**Exercise**. Will you write out, word for word, every line from the one with "根据当前疫情形势,对所涉及的" to the final line of the data below, with the pictures left out?
(Beginning of Information provided)
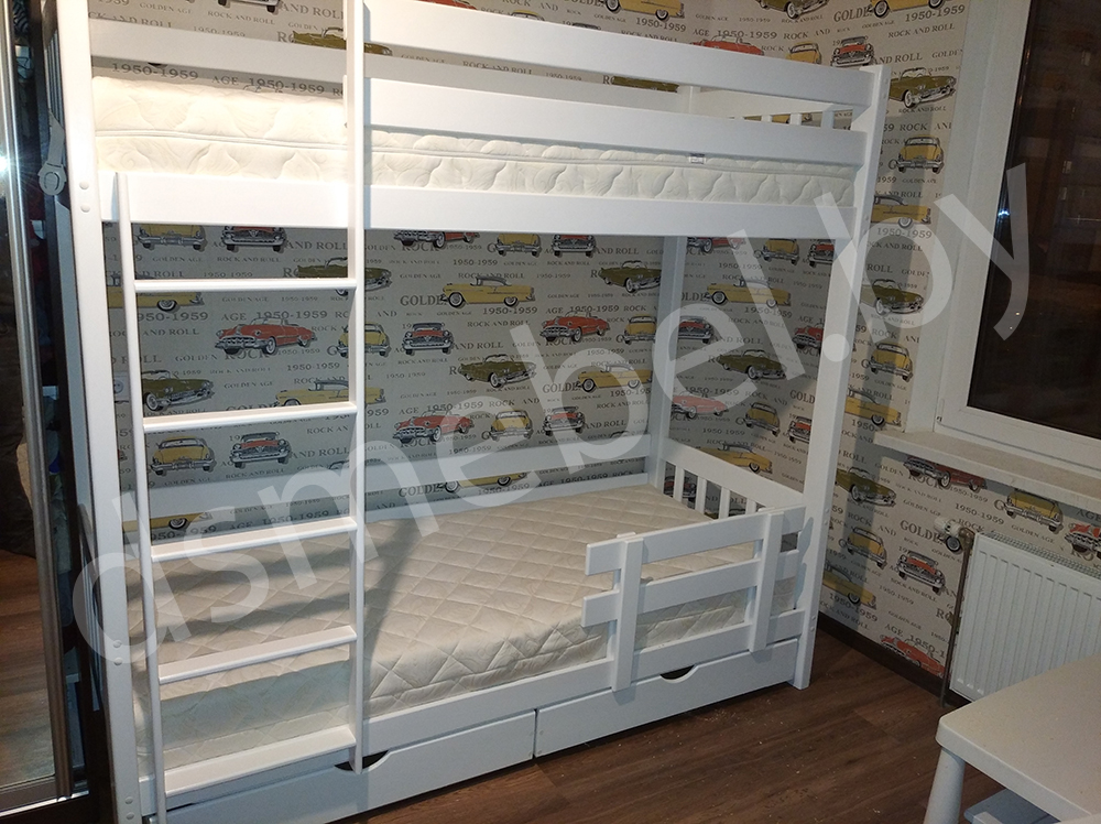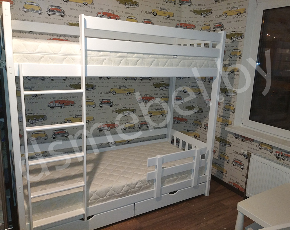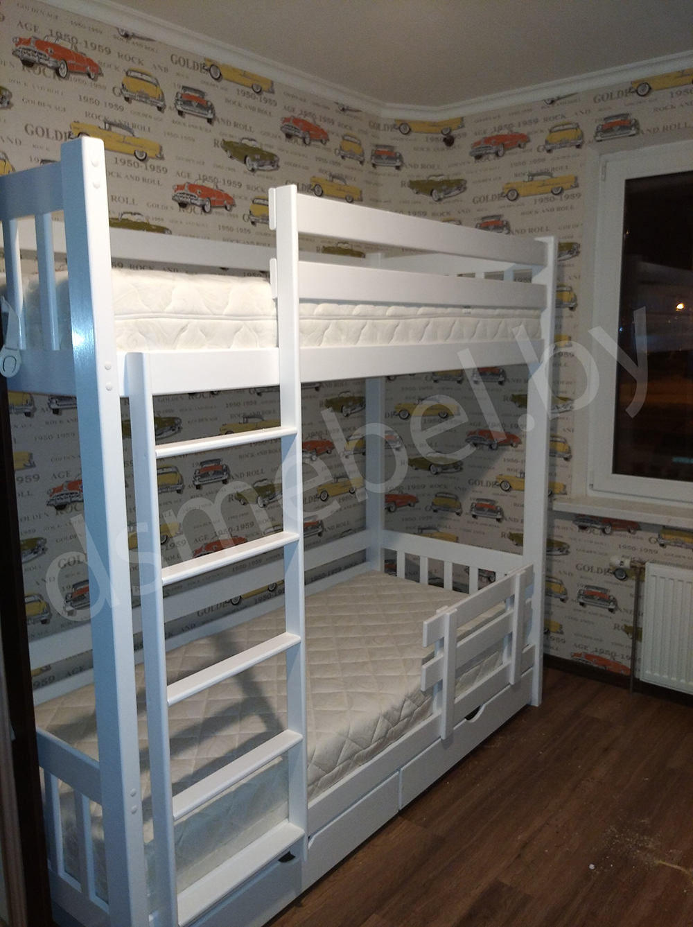 Кровать, выполненная из качественного массива сосны, подарит вашим детям здоровый сон. Конструкция оснащена безопасной лестницей для подъема на верхний ярус и имеет защитные от падения бортики. Высокие ножки делают данную модель еще более устойчивой и надежной.
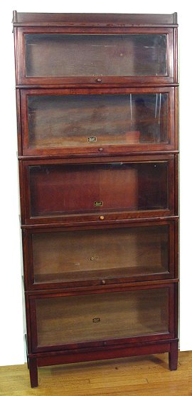 MAHOGANY FIVE SECTION STACKING BOOKCASE: Hale Furniture of Herkiam NY. 80''h. x 34 1/4''w. x 11''.
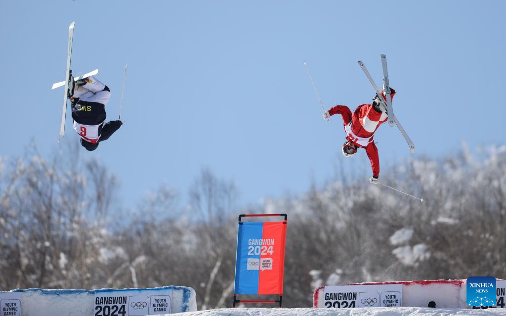 Nakamura Takuto (L) of Japan and Thomas Dooley of Ireland compete during the Men's Dual Moguls of Freestyle Skiing event at the Gangwon 2024 Winter Youth Olympic Games in Jeongseon, South Korea, Jan. 27, 2024. (Xinhua/Hu Huhu)
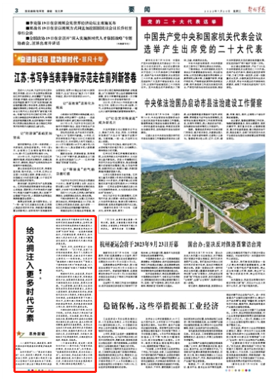 一個童話故事里,有這樣一段魚和水對話——魚對水說:“你看不到我的眼淚,因為我在水里”;水對魚說:“我能感覺到你的眼淚,因為你在我心里”。我們相信,軍地各級只要以日新精神、精進態(tài)度,給雙擁注入更多時代元素,雙擁活動的內(nèi)容就會越來越豐富,雙擁之路就會越走越寬廣。
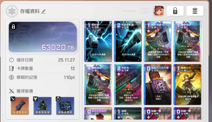 各項操作會增加存檔容量,若複製過多「神閃牌」跟刪除卡牌可能造成存檔無法正常帶出。
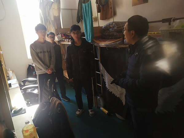 走访过程中,单冠贤与同学们打成一片,聊家乡、论生活、谈专业、展未来,话里话外都是浓浓的师生情。时隔多年再次回到学生宿舍的单冠贤不禁回忆起他的学生时代,与同学们分享了自己当时的苦与甜,感慨数载岁月带来的万千变化,也希望同学们能珍惜现在拥有的幸福,尽情体会大学生活的美好。同时,单冠贤也关心了每一位同学的学习情况,督促同学们不能懈怠,要敢于吃苦、敢于拼搏,并推荐同学们积极借助图书馆的资源进行提升,有任何问题都可以与他联系。整个过程中,单冠贤提到最多的一个词就是“目标”,他希望每位同学都能有一个清楚的目标,并为之奋斗,不辜负过去、对得起现在、拼一个未来!
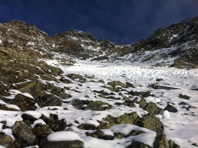 Ab Schneefeld zwischen 1. und 2. Rinne Schneedecke auf der Route. Durchschnittlich 20 cm Schnee auf Altschnee. Neuschnee leicht gesetzt, mit Altschnee verbunden, recht weich. Spurarbeit ab Schneefeld, in den steilsten eingewehten Bereichen bis Knie. Fels an der kleinen "Schlüsselstelle" nach Ausstieg erste Rinne morgens nass. Wegen Verhältnissen nur mässige Abrutschgefahr in der oberen Rinne.
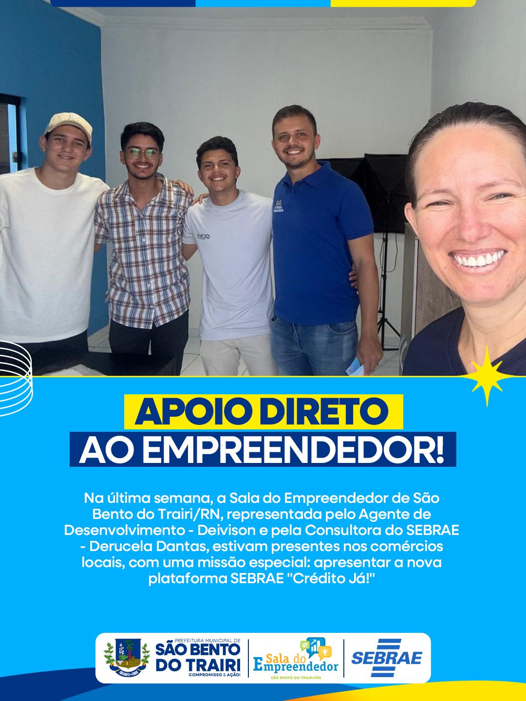 Na última semana, a Sala do Empreendedor de São Bento do Trairi/RN, representada pelo Agente de Desenvolvimento - Deivison e pela Consultora do SEBRAE - Derucela Dantas, estivam presentes nos comércios locais, com uma missão especial: apresentar a nova plataforma SEBRAE ‘’Crédito Já!’’
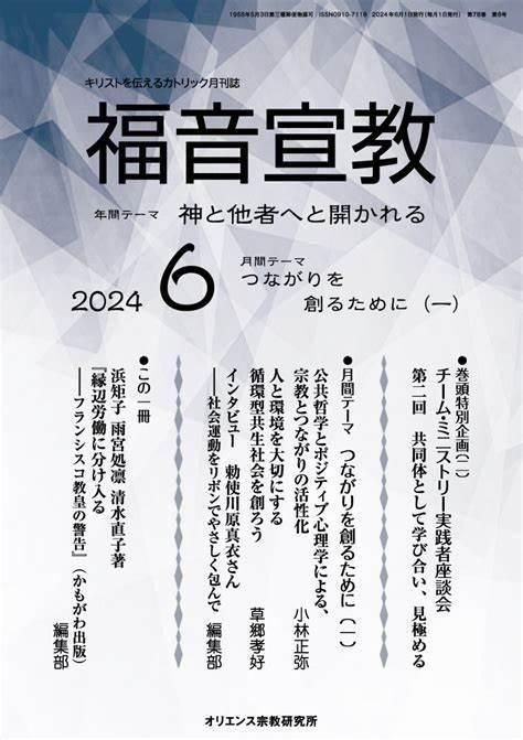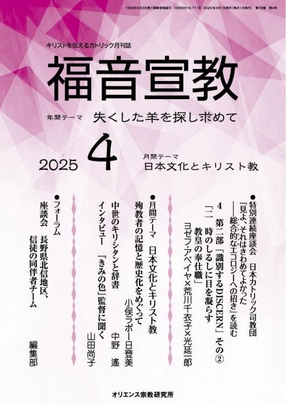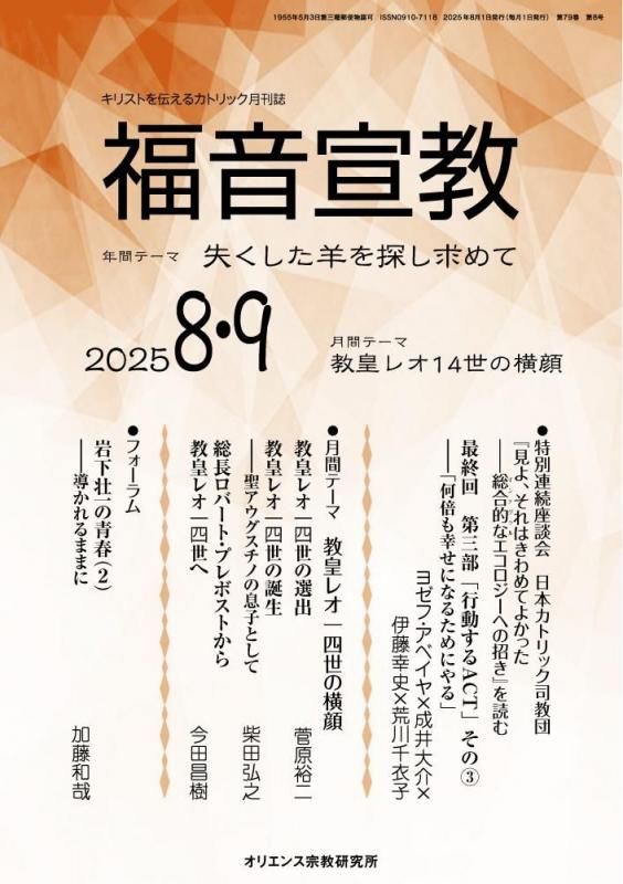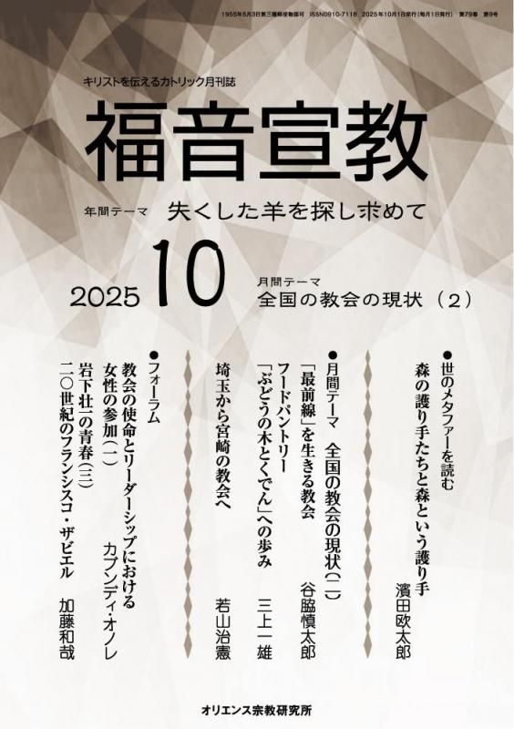 福音宣教 発行:オリエンス宗教研究所 キリストを伝えるカトリック月刊誌 福音宣教 2025年 年間テーマ 失くした羊を探し求めて 信仰を養うためのヒントを分かち合い、 社会を福音の価値観から見つめ直すための 特集・連載記事をお届けします。 月刊・毎月15日発行 年間11回(8.9月合併号) 1部定価:660円(税込) 送料別 福音宣教 2025年1月号〜 ※号数をお選びください 型番 09107118 ポイント 33pt 販売価格 660円 購入数 1月号660円2月号660円3月号660円4月号660円5月号660円6月号660円7月号660円8・9月号660円10月号660円11月号660円 オプションの価格詳細はコチラ shopping_cartカートに入れる mail_outline この商品についてお問い合わせ ツイート error_outline 特定商取引法に基づく表記 (返品など) share この商品を友達に教える undo 買い物を続ける forum レビューを見る(0件) rate_review レビューを投稿
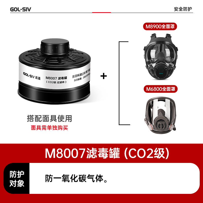 胜丽 GOL-SIV® CO类2级滤毒罐搭配防毒面具全面罩防一氧化碳气体M8007 1个装
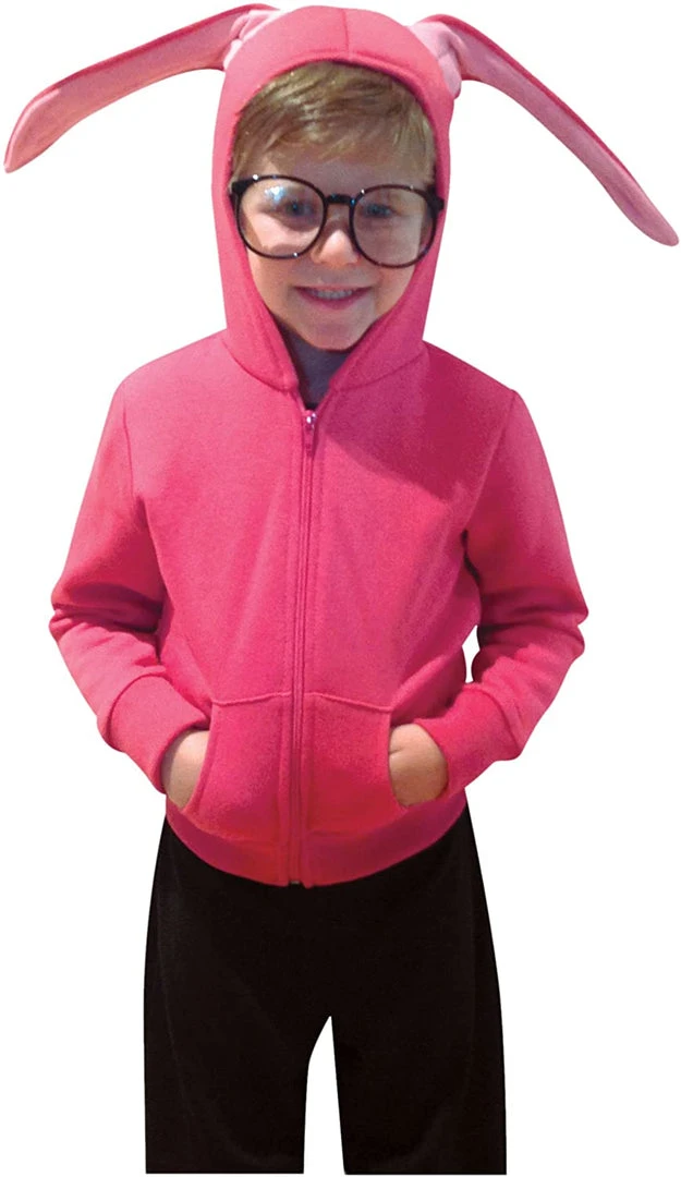 Ralphie may not have loved his bunny suit, but the rest of the world did! Give everyone a laugh in this Rasta Imposta bunny hoodie inspired from the timeless Christmas classic, A Christmas Story. Made from cotton and polyester, this soft pink hoodie features a front zipper and floppy pink ears on the hood. This funny hoodie is great for Christmas themed parties and other holiday events. Small
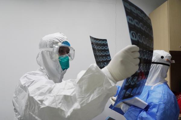 我记得有三个陪护家属担心自己感染,来找我拍CT,一拍全中招了。但因为不严重,他们要继续陪护,我们也只能给他们发防护服,让他们戴好口罩,注意手部卫生。
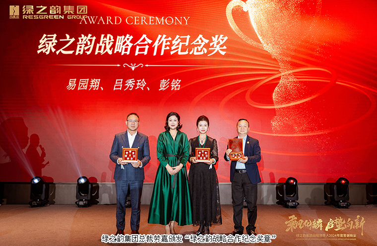 十載春秋,匠心堅守,宛如翠柏凌霜傲;歲月崢嶸,篤志前行,恰似蒼松映日驕。他們是綠之韻集團的戰(zhàn)略領(lǐng)導人,與集團相伴十載,歲月見證堅守,時光銘刻付出。對于他們而言,十年不是終點線,而是攀登新高峰的堅實臺階。勞嘉總裁為綠之韻好微生易園翔、綠之韻數(shù)字化呂秀玲,綠之韻數(shù)字化彭銘頒發(fā)了“綠之韻戰(zhàn)略合作紀念獎?wù)隆薄?/p>
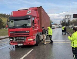 Üsküdar’da tırın üzerindeki ekskavatör tabelaya çarptı: 7 araç zarar gördü
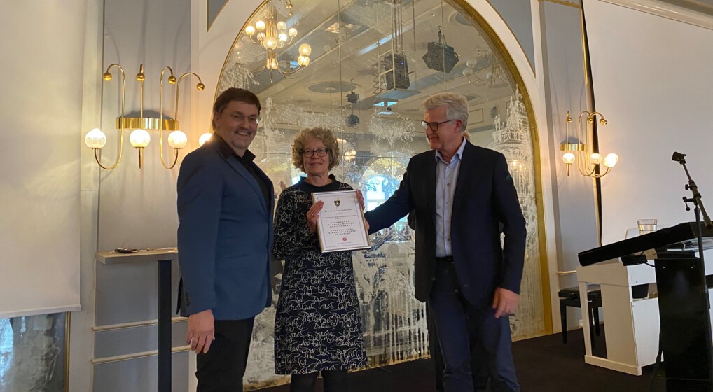 Sognepræst fra Haraldskirken Morten Miland og medlem af provstiets diakoniudvalg Hanne Ougaard modtog initiativprisen på vegne af Tværkulturel Kirke (Foto: Malene Bjerre)
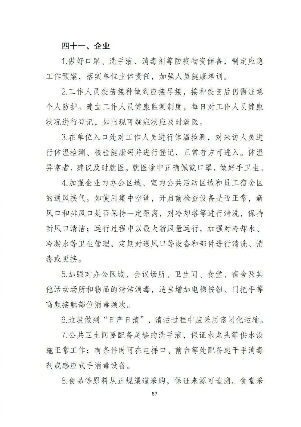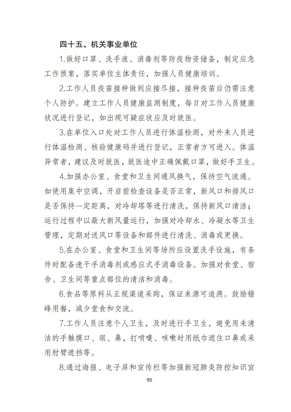 根据当前疫情形势,对所涉及的重点场所和重点单位进一步强调落实主体责任,坚持“人、物、环境同防”“闭环管理”,强化了健康监测、疫苗接种、核酸检测、清洁消毒和应急处置等措施要求。对所涉及的重点人群,加强相关行业职业人员,特别是一线职业人员严格执行戴口罩、疫苗接种、消毒等防护要求,确保各项防控措施落实到位。
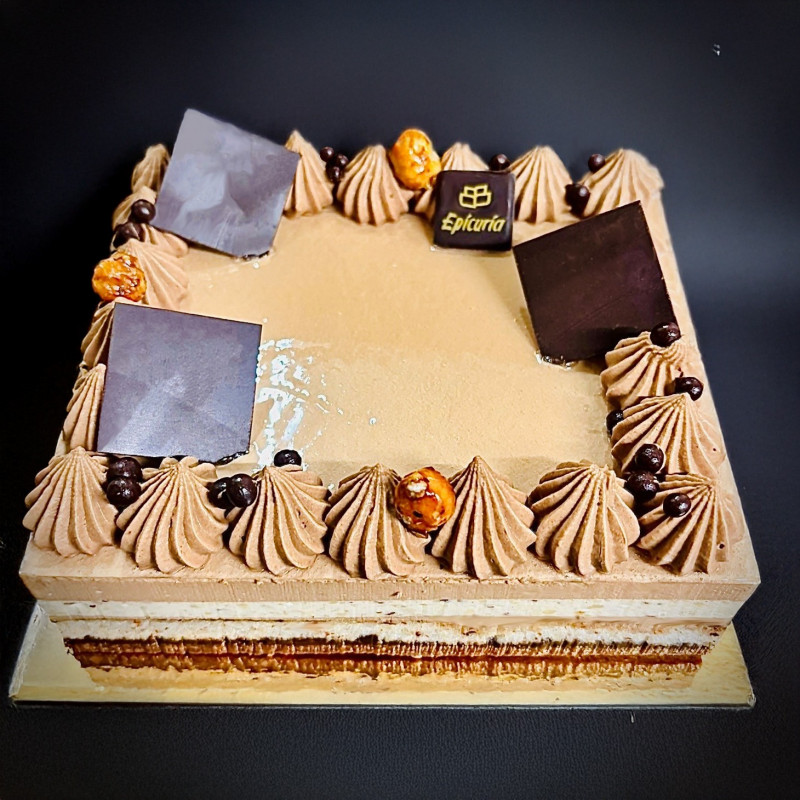 Croustillant Streusel Cacao, Biscuit Dacquoise aux Noisettes entières, Crème Bavaroise onctueuse Noisette et Praliné, Ganache Chocolat Noir (72%) et Mousse légère Chocolat au Lait.
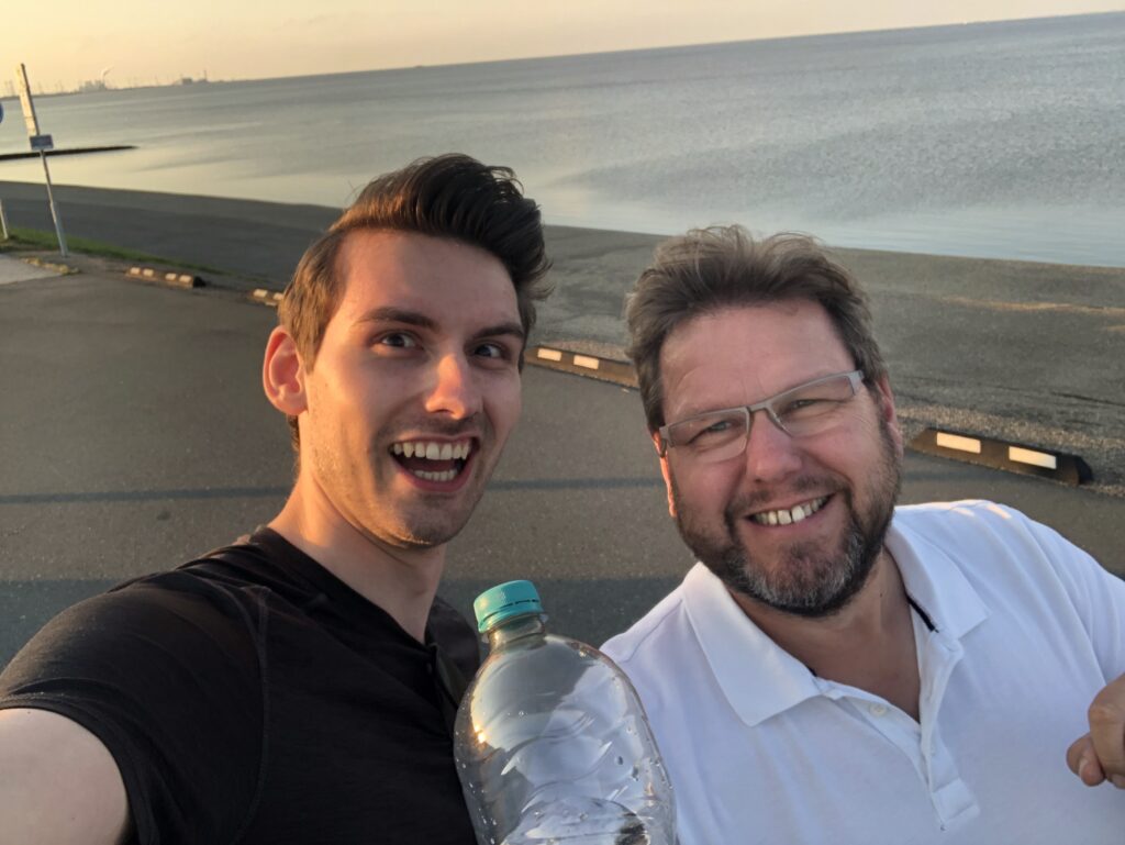 Patrick (left), founder and owner of Brixxyshop with his father Michael.
(End of Information provided)
**Solution to the problem**.
 根据当前疫情形势,对所涉及的重点场所和重点单位进一步强调落实主体责任,坚持“人、物、环境同防”“闭环管理”,强化了健康监测、疫苗接种、核酸检测、清洁消毒和应急处置等措施要求。对所涉及的重点人群,加强相关行业职业人员,特别是一线职业人员严格执行戴口罩、疫苗接种、消毒等防护要求,确保各项防控措施落实到位。
 Croustillant Streusel Cacao, Biscuit Dacquoise aux Noisettes entières, Crème Bavaroise onctueuse Noisette et Praliné, Ganache Chocolat Noir (72%) et Mousse légère Chocolat au Lait.
 Patrick (left), founder and owner of Brixxyshop with his father Michael.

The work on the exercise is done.